AIRiskAware

この記事は現在英語でのみご利用いただけます。

Australia 9 min read 2026

AI Governance for Australian Telcos and Media: ACMA Obligations, Misinformation, and Network AI

Australian telecommunications companies and media organisations face AI governance obligations from ACMA (broadcasting and communications), the ACCC (competition and consumer), and the Online Safety Act. The 2026 compliance guide.

AI Governance for Australian Telcos and Media: ACMA Obligations, Misinformation, and Network AI

Key Takeaways

  • The Australian Communications and Media Authority (ACMA) has regulatory oversight over AI used in broadcasting and communications — AI-generated content broadcast on licensed services must comply with the same standards as human-generated content.

  • The Online Safety Act 2021 creates obligations for large online platforms (including AI content platforms) to address class 1A and 1B material — AI systems that generate or facilitate harmful content may create provider liability.

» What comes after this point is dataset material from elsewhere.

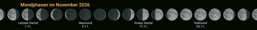 Merkur zeigt sich von Mitte bis Ende November am östlichen Morgenhimmel. Die größte westliche Elongation wird am 13.11. mit einem Winkelabstand von knapp 20 Grad zur Sonne erreicht, die beste Sichtbarkeit tritt in den Tagen um den 21. November ein.
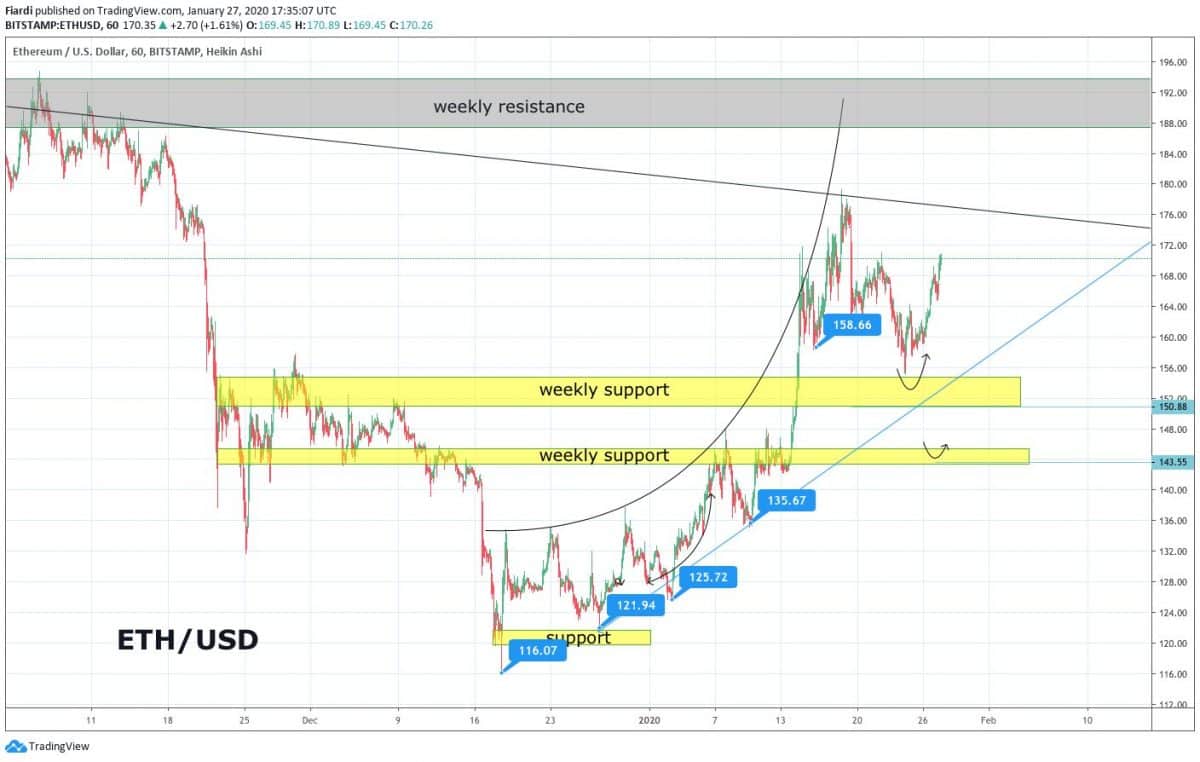 Stejně jako Bitcoin tak i Ethereum dnes rostl. Momentálně jsme se dostali na hodnoty 170 USD. Na grafu vidíme odraz od supportu na 155 USD. Nejbližší odpor vidíme na hodnotách 178 USD. Zdá se, že Ethereum se bude snažit dostat na letošní top jako momentálně Bitcoin. Další odpor nás bude čekat na 188 USD. Včera jsme přidali na růstu 3,5%.

  • The ACCC's Digital Platform Services Inquiry and its ongoing monitoring of digital platforms addresses AI-driven recommendation systems, algorithmic advertising, and AI content moderation — competition and consumer law applies to these systems.

  • Telco network AI — AI used in network management, traffic prioritisation, and cybersecurity — must comply with the Telecommunications Act and the Security of Critical Infrastructure Act obligations.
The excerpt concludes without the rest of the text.